> [What is expected]: From the entries, copy out every line in which the word "Holbein" is found.

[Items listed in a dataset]
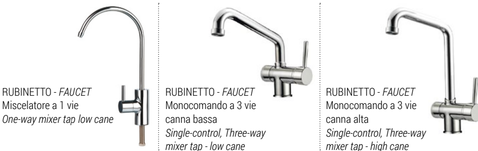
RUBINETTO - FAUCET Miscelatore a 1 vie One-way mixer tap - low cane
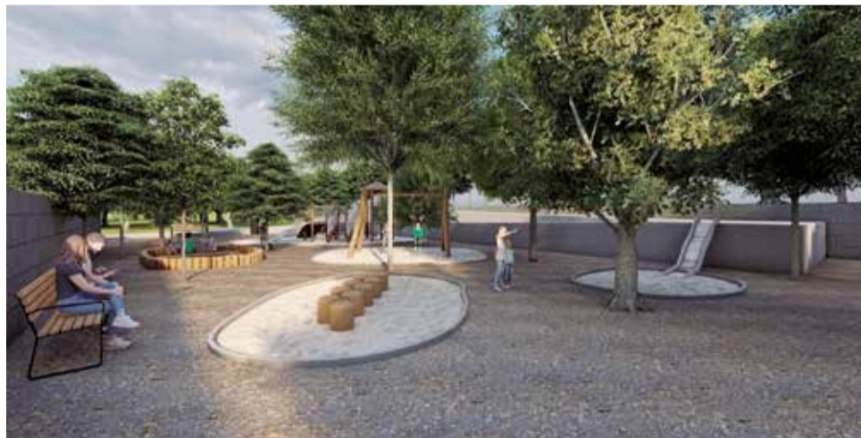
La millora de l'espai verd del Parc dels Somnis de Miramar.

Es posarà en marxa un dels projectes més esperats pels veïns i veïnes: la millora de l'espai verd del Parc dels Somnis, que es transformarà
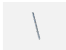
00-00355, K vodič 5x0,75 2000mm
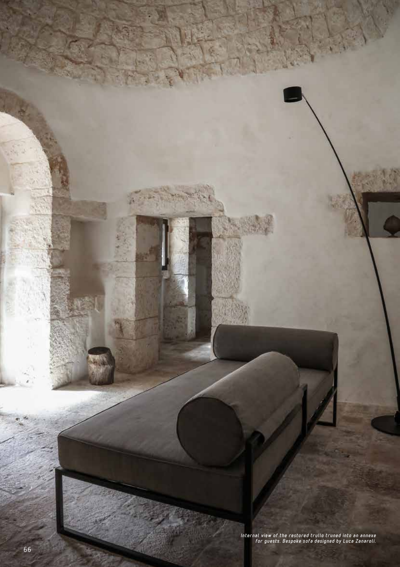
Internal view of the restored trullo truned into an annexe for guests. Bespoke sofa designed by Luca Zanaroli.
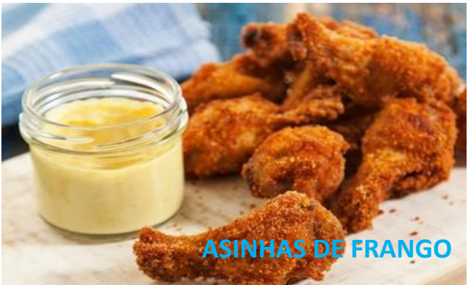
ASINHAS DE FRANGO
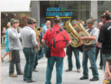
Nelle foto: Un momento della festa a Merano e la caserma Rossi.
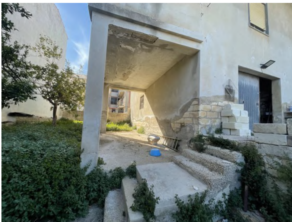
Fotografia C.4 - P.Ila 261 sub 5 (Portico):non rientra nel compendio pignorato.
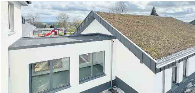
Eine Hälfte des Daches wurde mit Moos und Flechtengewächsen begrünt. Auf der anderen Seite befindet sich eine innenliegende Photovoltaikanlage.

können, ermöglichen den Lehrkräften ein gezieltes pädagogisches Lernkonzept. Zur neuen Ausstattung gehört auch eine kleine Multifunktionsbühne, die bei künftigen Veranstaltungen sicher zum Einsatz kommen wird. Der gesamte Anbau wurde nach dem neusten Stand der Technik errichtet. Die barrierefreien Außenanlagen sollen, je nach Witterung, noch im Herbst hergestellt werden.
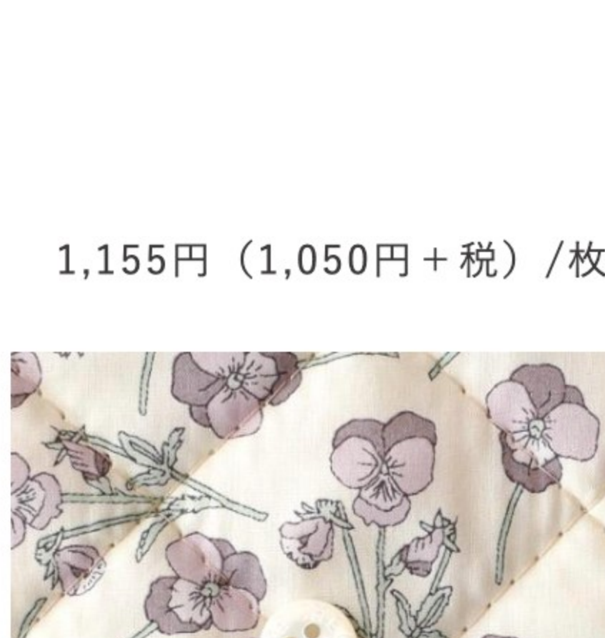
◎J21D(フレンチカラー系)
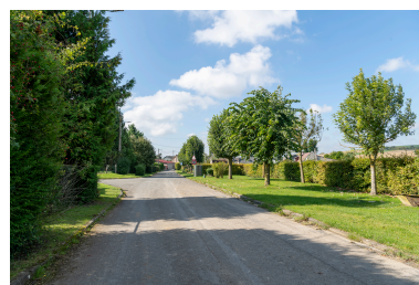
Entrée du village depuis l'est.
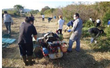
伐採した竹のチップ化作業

---

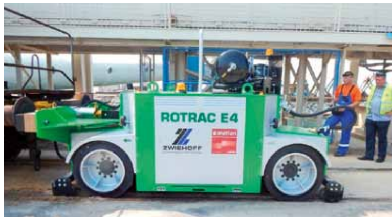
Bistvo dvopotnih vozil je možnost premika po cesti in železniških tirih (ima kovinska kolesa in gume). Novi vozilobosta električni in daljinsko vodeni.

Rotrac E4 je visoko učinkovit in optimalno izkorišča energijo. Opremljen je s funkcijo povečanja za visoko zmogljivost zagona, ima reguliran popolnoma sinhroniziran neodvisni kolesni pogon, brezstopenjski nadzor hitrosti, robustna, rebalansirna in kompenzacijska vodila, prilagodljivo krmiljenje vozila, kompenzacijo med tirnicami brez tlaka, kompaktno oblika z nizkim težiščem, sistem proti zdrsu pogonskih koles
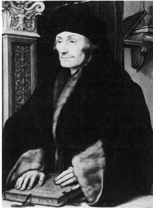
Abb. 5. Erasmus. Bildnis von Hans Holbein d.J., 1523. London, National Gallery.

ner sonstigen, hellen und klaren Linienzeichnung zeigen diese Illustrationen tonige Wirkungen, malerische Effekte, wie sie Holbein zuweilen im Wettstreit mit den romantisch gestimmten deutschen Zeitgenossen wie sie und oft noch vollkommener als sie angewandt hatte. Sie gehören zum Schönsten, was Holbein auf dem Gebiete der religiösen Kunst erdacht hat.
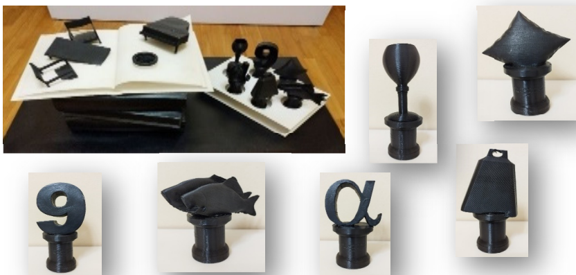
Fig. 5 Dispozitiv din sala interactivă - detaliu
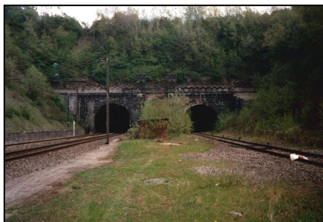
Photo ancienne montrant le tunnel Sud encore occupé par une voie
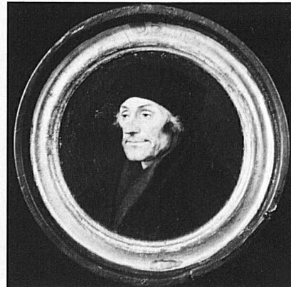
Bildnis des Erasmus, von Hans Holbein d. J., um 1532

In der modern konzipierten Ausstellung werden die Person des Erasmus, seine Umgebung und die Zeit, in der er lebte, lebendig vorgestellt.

> [Output for this task]:
Abb. 5. Erasmus. Bildnis von Hans Holbein d.J., 1523. London, National Gallery.
ner sonstigen, hellen und klaren Linienzeichnung zeigen diese Illustrationen tonige Wirkungen, malerische Effekte, wie sie Holbein zuweilen im Wettstreit mit den romantisch gestimmten deutschen Zeitgenossen wie sie und oft noch vollkommener als sie angewandt hatte. Sie gehören zum Schönsten, was Holbein auf dem Gebiete der religiösen Kunst erdacht hat.
Bildnis des Erasmus, von Hans Holbein d. J., um 1532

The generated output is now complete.